Re: [PATCH v11 1/8] dax: Introduce holder for dax_device

From: Dan Williams
Date: Thu Apr 07 2022 - 21:38:24 EST


[ add Mauro and Tony for RAS discussion ]

On Wed, Apr 6, 2022 at 1:39 PM Darrick J. Wong <djwong@xxxxxxxxxx> wrote:
>
> On Tue, Apr 05, 2022 at 06:22:48PM -0700, Dan Williams wrote:
> > On Tue, Apr 5, 2022 at 5:55 PM Jane Chu <jane.chu@xxxxxxxxxx> wrote:
> > >
> > > On 3/30/2022 9:18 AM, Darrick J. Wong wrote:
> > > > On Wed, Mar 30, 2022 at 08:49:29AM -0700, Christoph Hellwig wrote:
> > > >> On Wed, Mar 30, 2022 at 06:58:21PM +0800, Shiyang Ruan wrote:
> > > >>> As the code I pasted before, pmem driver will subtract its ->data_offset,
> > > >>> which is byte-based. And the filesystem who implements ->notify_failure()
> > > >>> will calculate the offset in unit of byte again.
> > > >>>
> > > >>> So, leave its function signature byte-based, to avoid repeated conversions.
> > > >>
> > > >> I'm actually fine either way, so I'll wait for Dan to comment.
> > > >
> > > > FWIW I'd convinced myself that the reason for using byte units is to
> > > > make it possible to reduce the pmem failure blast radius to subpage
> > > > units... but then I've also been distracted for months. :/
> > > >
> > >
> > > Yes, thanks Darrick! I recall that.
> > > Maybe just add a comment about why byte unit is used?
> >
> > I think we start with page failure notification and then figure out
> > how to get finer grained through the dax interface in follow-on
> > changes. Otherwise, for finer grained error handling support,
> > memory_failure() would also need to be converted to stop upcasting
> > cache-line granularity to page granularity failures. The native MCE
> > notification communicates a 'struct mce' that can be in terms of
> > sub-page bytes, but the memory management implications are all page
> > based. I assume the FS implications are all FS-block-size based?
>
> I wouldn't necessarily make that assumption -- for regular files, the
> user program is in a better position to figure out how to reset the file
> contents.
>
> For fs metadata, it really depends. In principle, if (say) we could get
> byte granularity poison info, we could look up the space usage within
> the block to decide if the poisoned part was actually free space, in
> which case we can correct the problem by (re)zeroing the affected bytes
> to clear the poison.
>
> Obviously, if the blast radius hits the internal space info or something
> that was storing useful data, then you'd have to rebuild the whole block
> (or the whole data structure), but that's not necessarily a given.

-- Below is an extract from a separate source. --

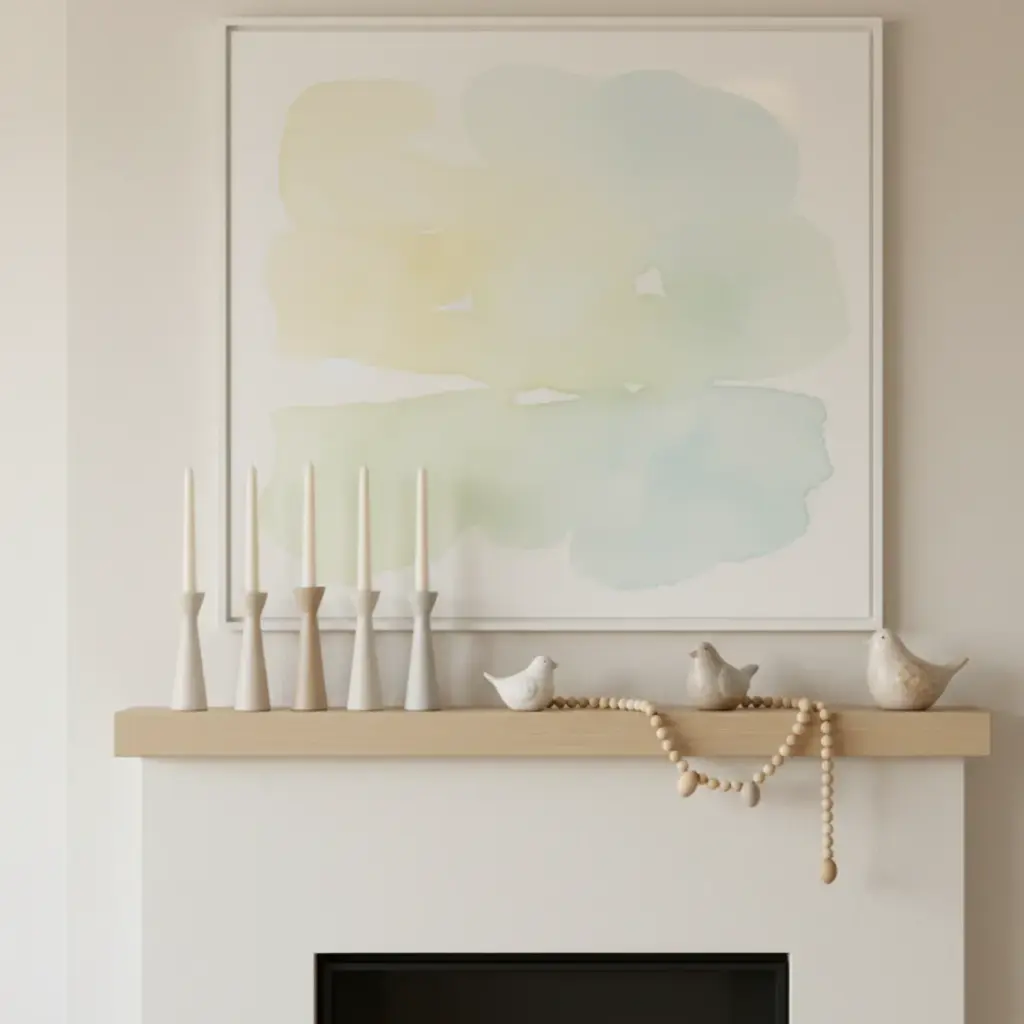 You don’t need to cover every square inch of your fireplace in fluff. I love a “less is more” approach using staggered candlesticks and a few ceramic birds.

tl;dr: dax_holder_notify_failure() != fs->notify_failure()

So I think I see some confusion between what DAX->notify_failure()
needs, memory_failure() needs, the raw information provided by the
hardware, and the failure granularity the filesystem can make use of.

DAX and memory_failure() need to make immediate page granularity
decisions. They both need to map out whole pages (in the direct map
and userspace respectively) to prevent future poison consumption, at
least until the poison is repaired.

The event that leads to a page being failed can be triggered by a
hardware error as small as an individual cacheline. While that is
interesting to a filesystem it isn't information that memory_failure()
and DAX can utilize.

The reason DAX needs to have a callback into filesystem code is to map
the page failure back to all the processes that might have that page
mapped because reflink means that page->mapping is not sufficient to
find all the affected 'struct address_space' instances. So it's more
of an address-translation / "help me kill processes" service than a
general failure notification service.

Currently when raw hardware event happens there are mechanisms like
arch-specific notifier chains, like powerpc::mce_register_notifier()
and x86::mce_register_decode_chain(), or other platform firmware code
like ghes_edac_report_mem_error() that uplevel the error to a coarse
page granularity failure, while emitting the fine granularity error
event to userspace.

All of this to say that the interface to ask the fs to do the bottom
half of memory_failure() (walking affected 'struct address_space'
instances and killing processes (mf_dax_kill_procs())) is different
than the general interface to tell the filesystem that memory has gone
bad relative to a device. So if the only caller of
fs->notify_failure() handler is this code:

+ if (pgmap->ops->memory_failure) {
+ rc = pgmap->ops->memory_failure(pgmap, PFN_PHYS(pfn), PAGE_SIZE,
+ flags);

...then you'll never get fine-grained reports. So, I still think the
DAX, pgmap and memory_failure() interface should be pfn based. The
interface to the *filesystem* ->notify_failure() can still be
byte-based, but the trigger for that byte based interface will likely
need to be something driven by another agent. Perhaps like rasdaemon
in userspace translating all the arch specific physical address events
back into device-relative offsets and then calling a new ABI that is
serviced by fs->notify_failure() on the backend.